In short, the intercepts usually aren't the focus in a fixed effects analysis; they're nuisance. In your case, the principal focus should be on X1
and X2
.
In accordance with the suggestion provided by @Helix123, I wanted to note that there is, in fact, a within_intercept()
function in the plm
package.
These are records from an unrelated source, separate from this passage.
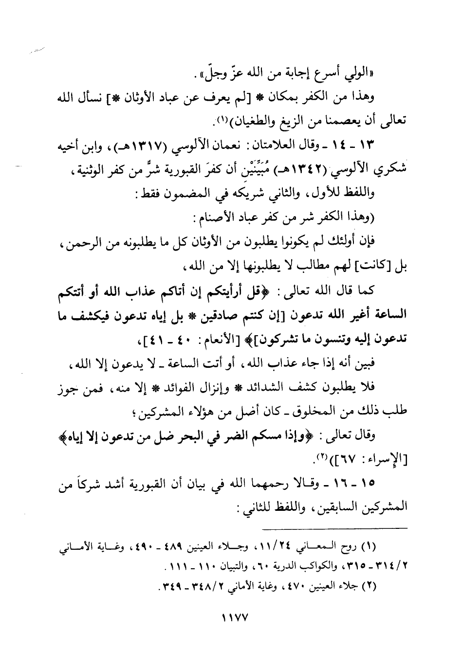 13 -14- وقال العلامتان: نعمان الآلوسي (1317هـ) ، وابن أخيه شكري الآلوسي (1342هـ) مُبَيِّنين أن كفرَ القبورية شر من كفر الوثنية، واللفظ للأول، والثاني شريكه في المضمون فقط:
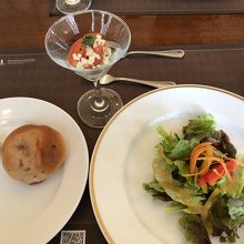 メインの料理もボリュームがあり、焼きたての美味しいパンが食べ放題。
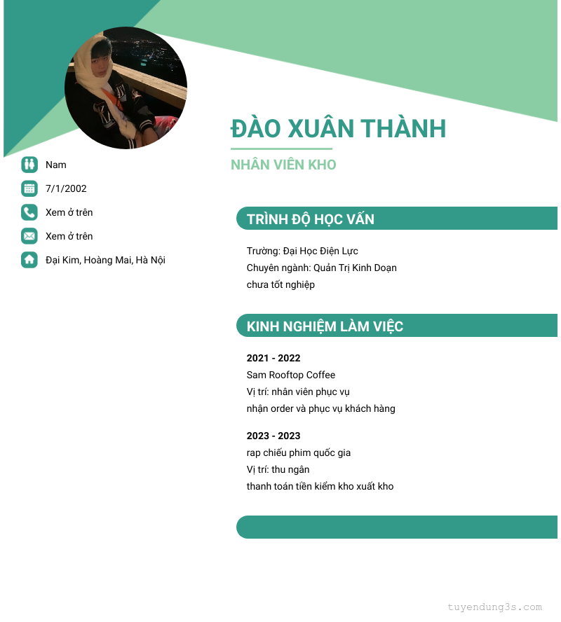 Mở xem thông tin đầy đủ ứng viên đào Xuân Thành chỉ với 2 điểm. Ứng viên được cập nhật ngày 13/03/2024
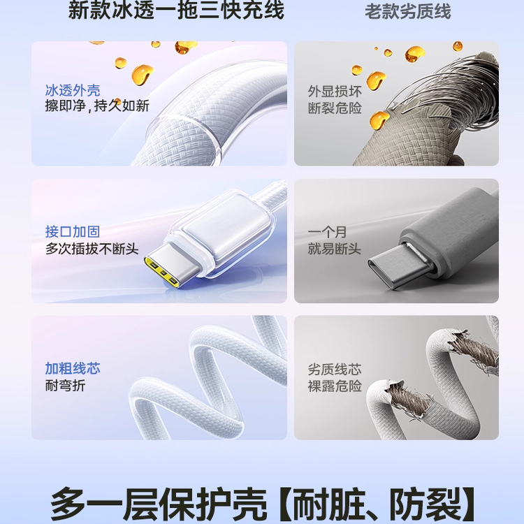 第一卫数据线三合一充电器线超级快充一拖三100W适用苹果华为小米安卓typec车载三线合一多功能USB-A充电传输
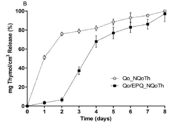 圖6.從使用NQoTh印刷4次的薄膜Qo和Qo/EPQ中釋放百里酚(A)0天(初始負載Th)、第1天和第8天的釋放曲線和(B)室溫下8天測定的百里酚釋放動力學溫度。
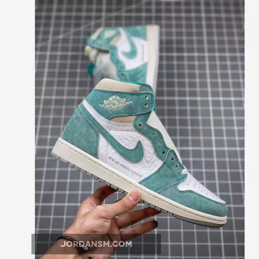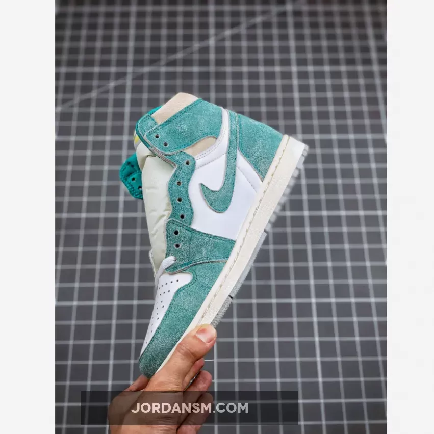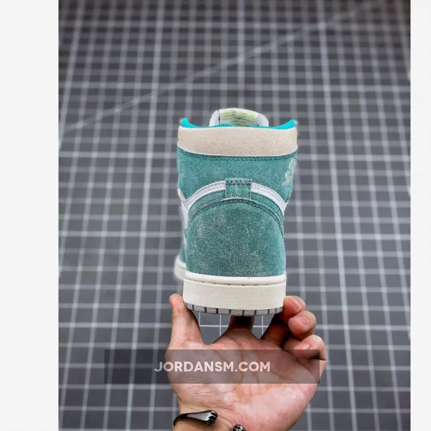 Opting to borrow the classic colour blocking of the Jordan 1 Chicago, the Jordan 1 Turbo Green features a white leather base that’s accented by ‘Turbo Green’ suede overlays.
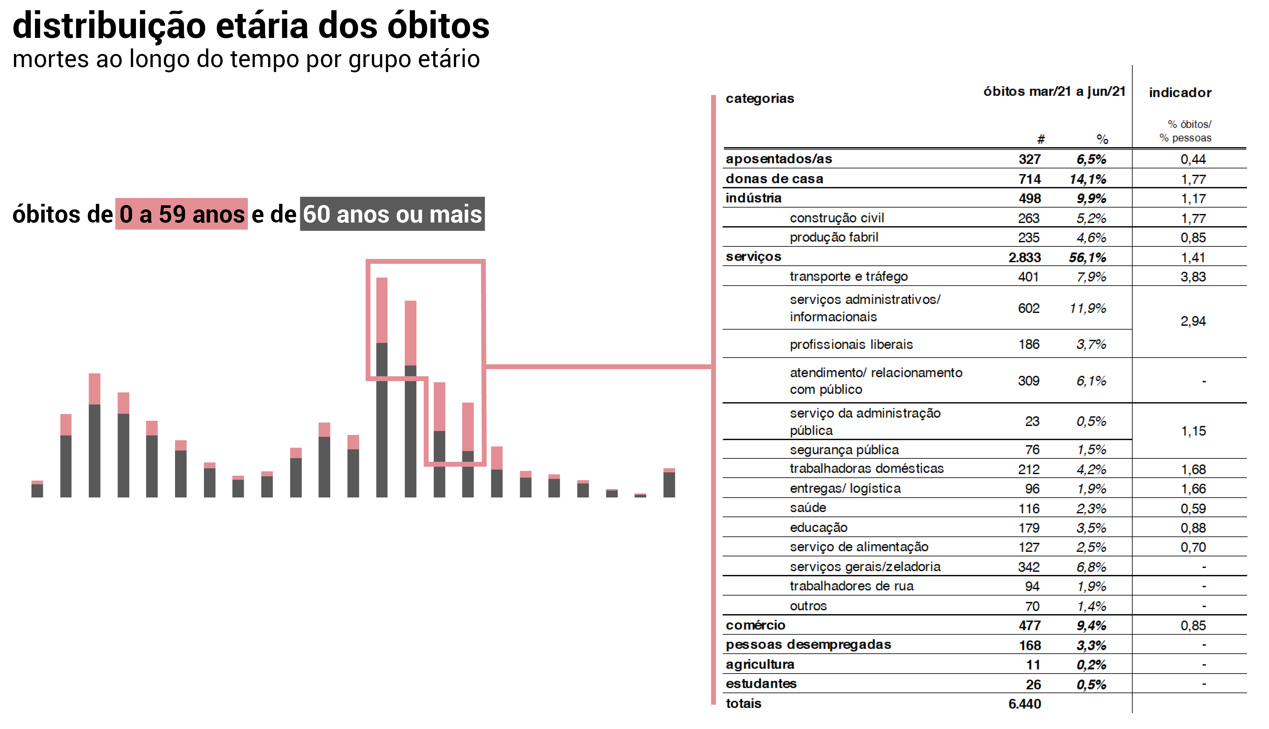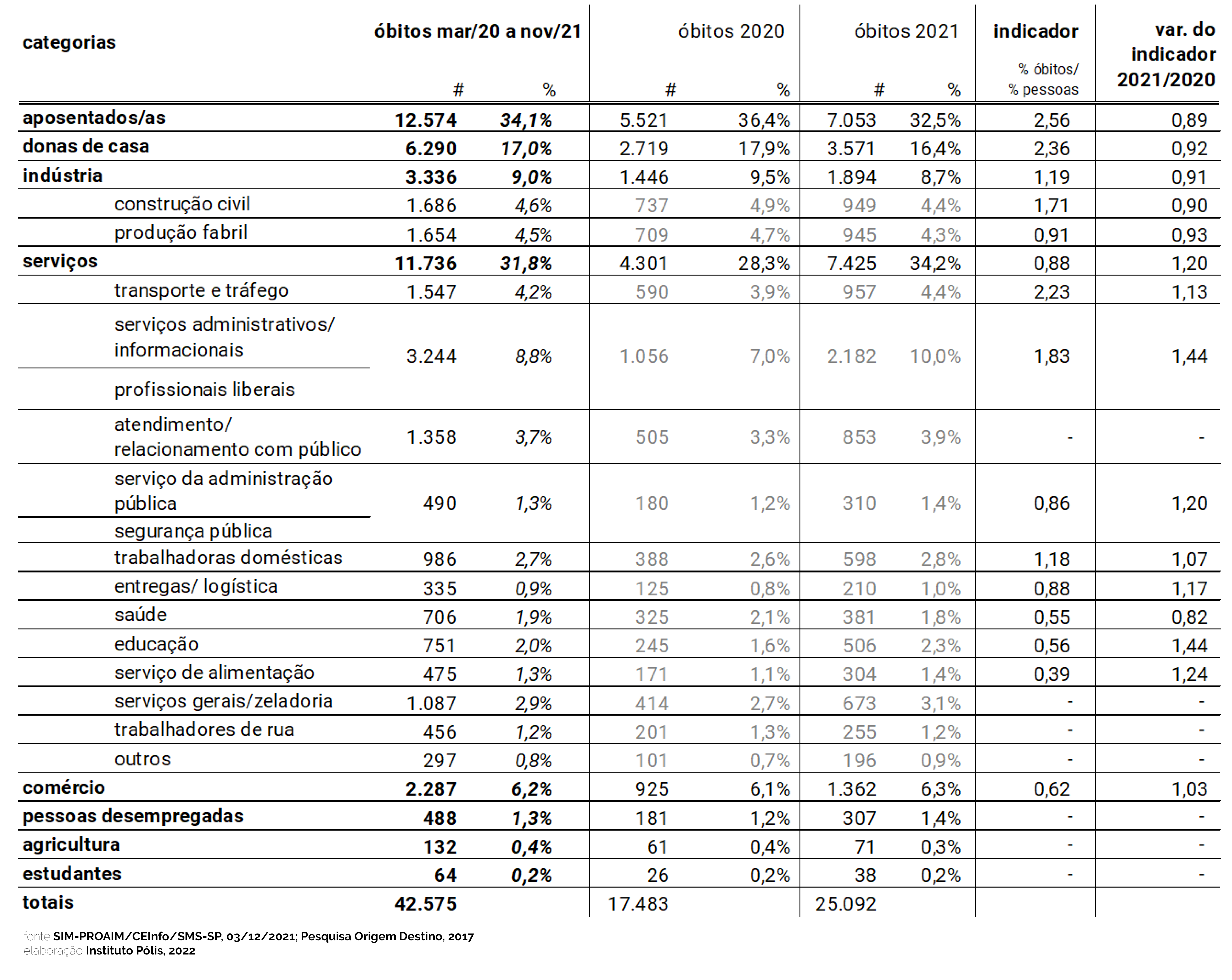Como leitura geral, verificamos que a mortalidade está concentrada em categorias em que predominam grupos de risco, como é o caso de aposentados e donas de casa, que concentram pessoas idosas. Quanto às atividades remuneradas, as mais impactadas são aquelas – em sua maioria – de menor rendimento, em que os trabalhadores e trabalhadoras, penalizados pela falta de seguridade social e políticas adequadas de amparo social, foram continuamente obrigados a sair para trabalhar durante a pandemia (sem proteção adequada) para não comprometer os rendimentos familiares.
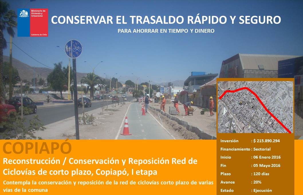 Reconstrucción/Conservación y Reposición Red de Ciclovías de corto plazo, Copiapó, I Etapa |
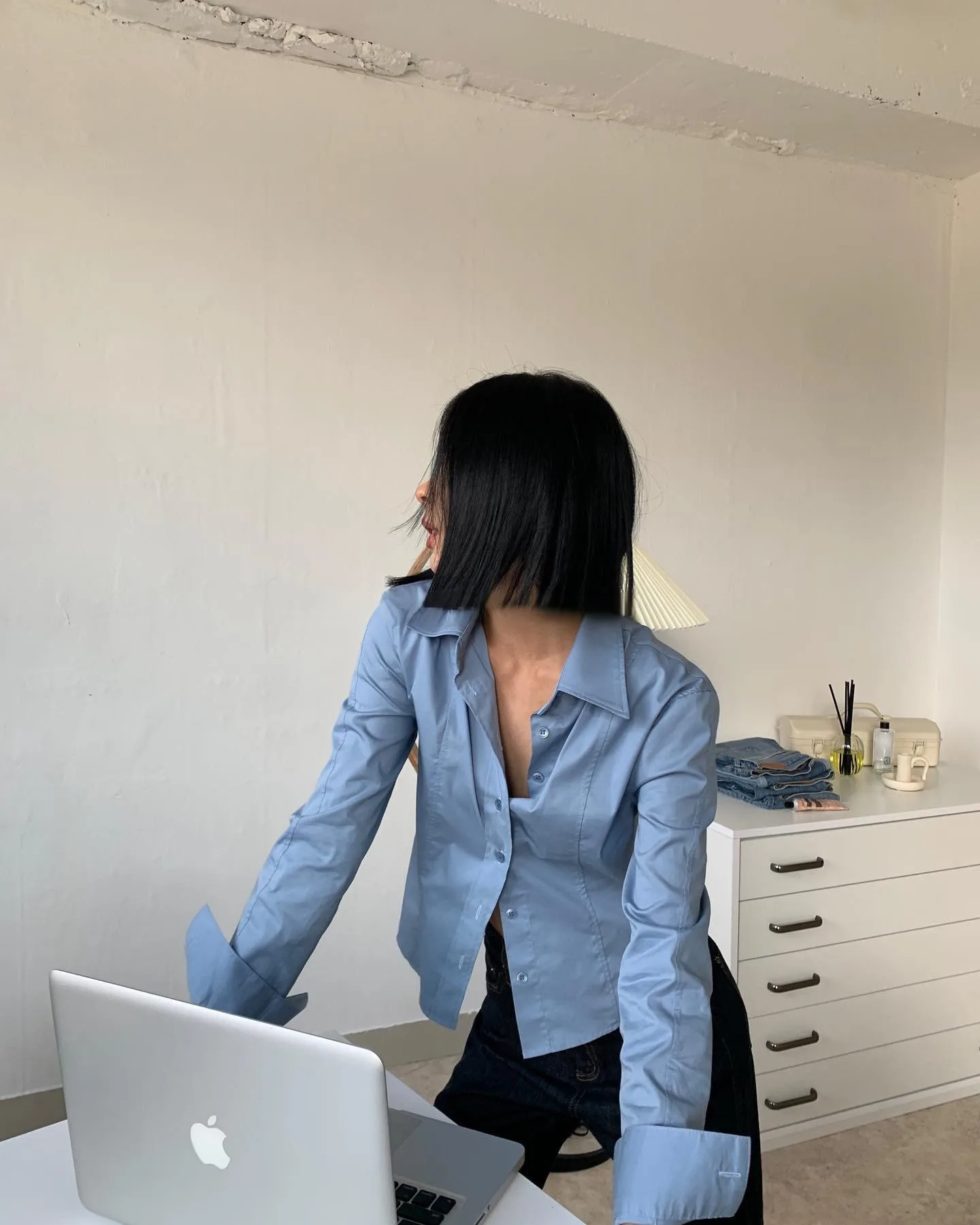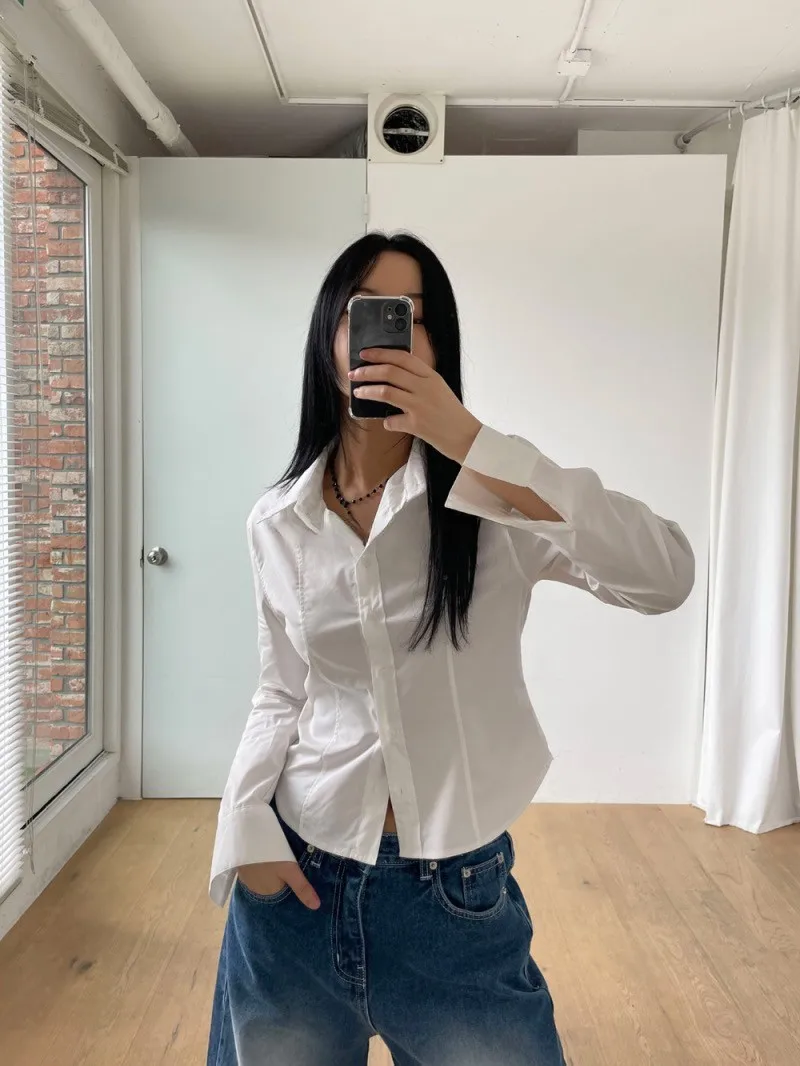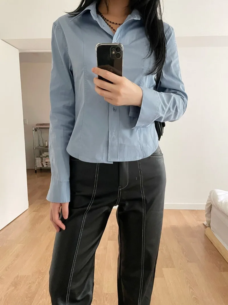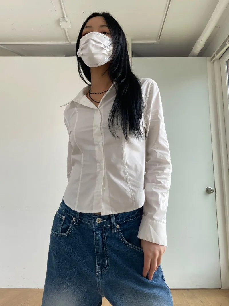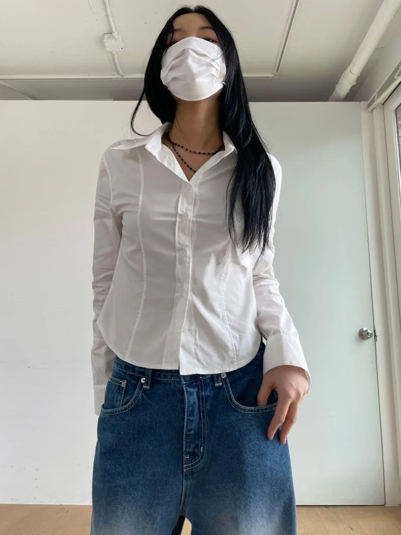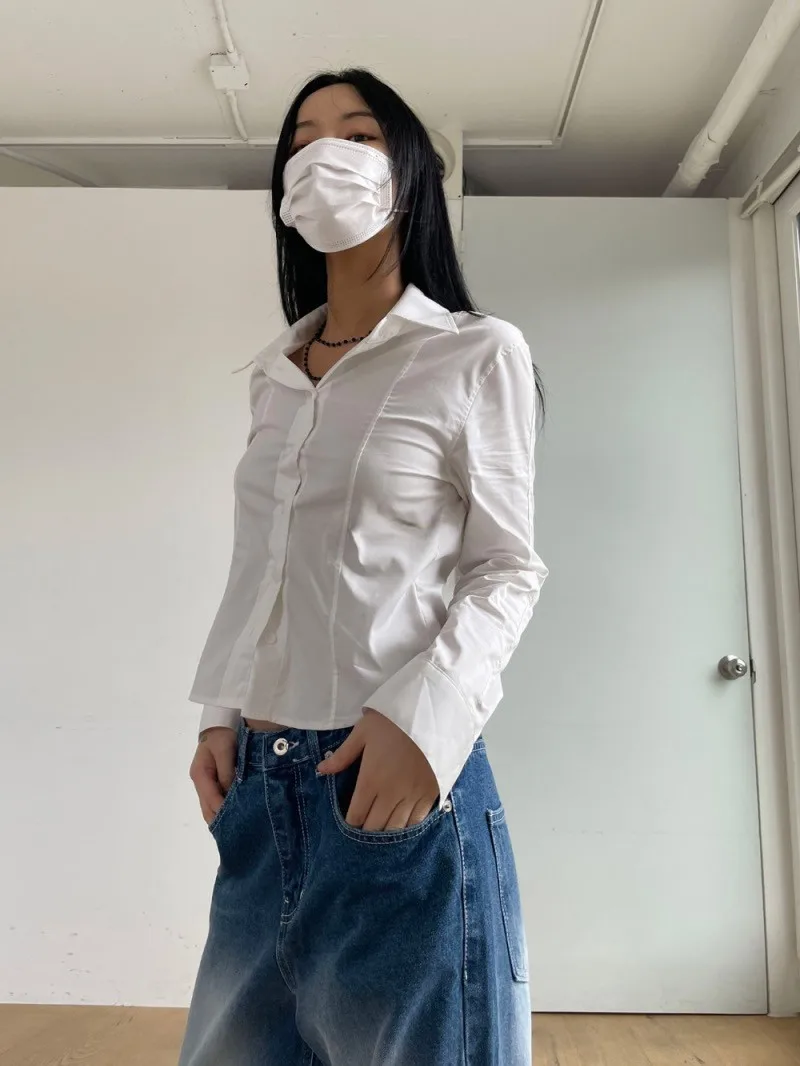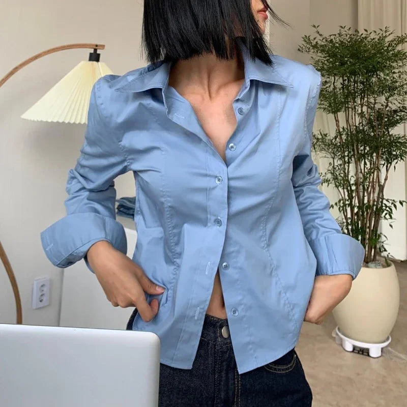 KYLTHOMASW - Women Shirts 2024 Autumn Long Sleeve Polo Neck Blouse Pattern Embroidery White Blue Chic Casual Streetwear Tops
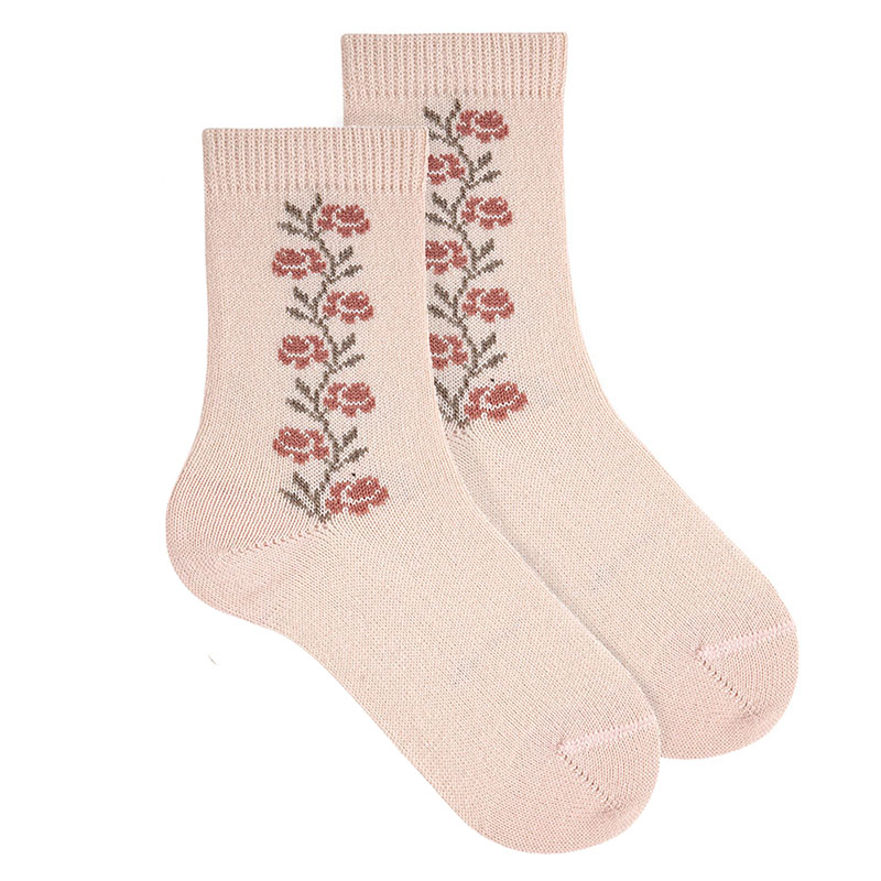 Calzini corti in misto lana merino con bordo floreale ricamato. Taglie per bambini dai 2 ai 10 anni.
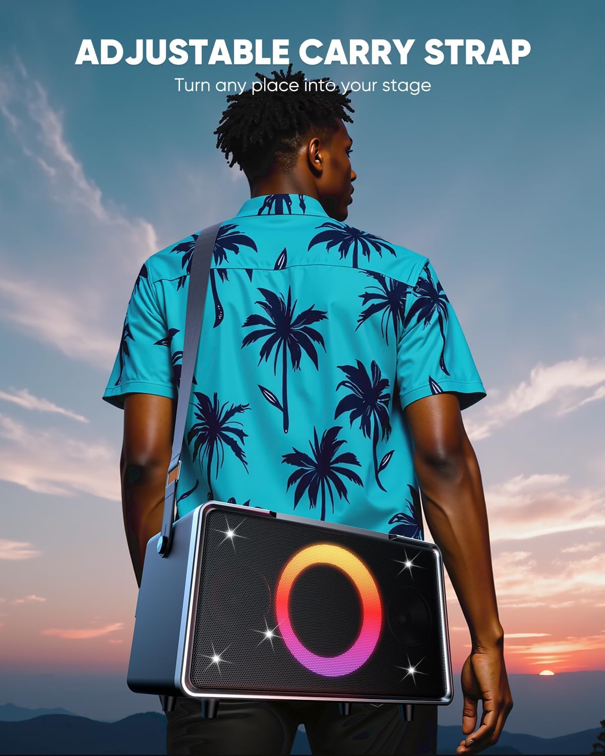- PORTABLE REMOVABLE SHOULDER STRAP: Just sling it over your shoulder—toss the portable speaker into your pickup or carry it to the beach. Wherever you go, booming beats follow as your portable companion.
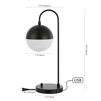 Inspired by edgy mid century modern style, this contemporary table lamp steals the show in any living room. Designed with a luxurious modern finish, it diffuses light from a partially white retro globe shade to create a warm glow. This table lamp comes with a built-in USB port to keep your devices charged at all times.

I always found it a bit artificial but it does return an "overall intercept" for within models and its accompanying standard error.
Under the hood, it's actually a weighted mean of the fixed effects. You could calculate this fairly easily in the one-way case using the following code:
# The overall intercept is just a weighted mean of the state effects
weighted.mean(fixef(mod_within), pdim(mod_within)$Tint$Ti)
Simply feed the weighted.mean()
function the individual state effects, followed by a numeric vector of the weights, and you got your overall intercept.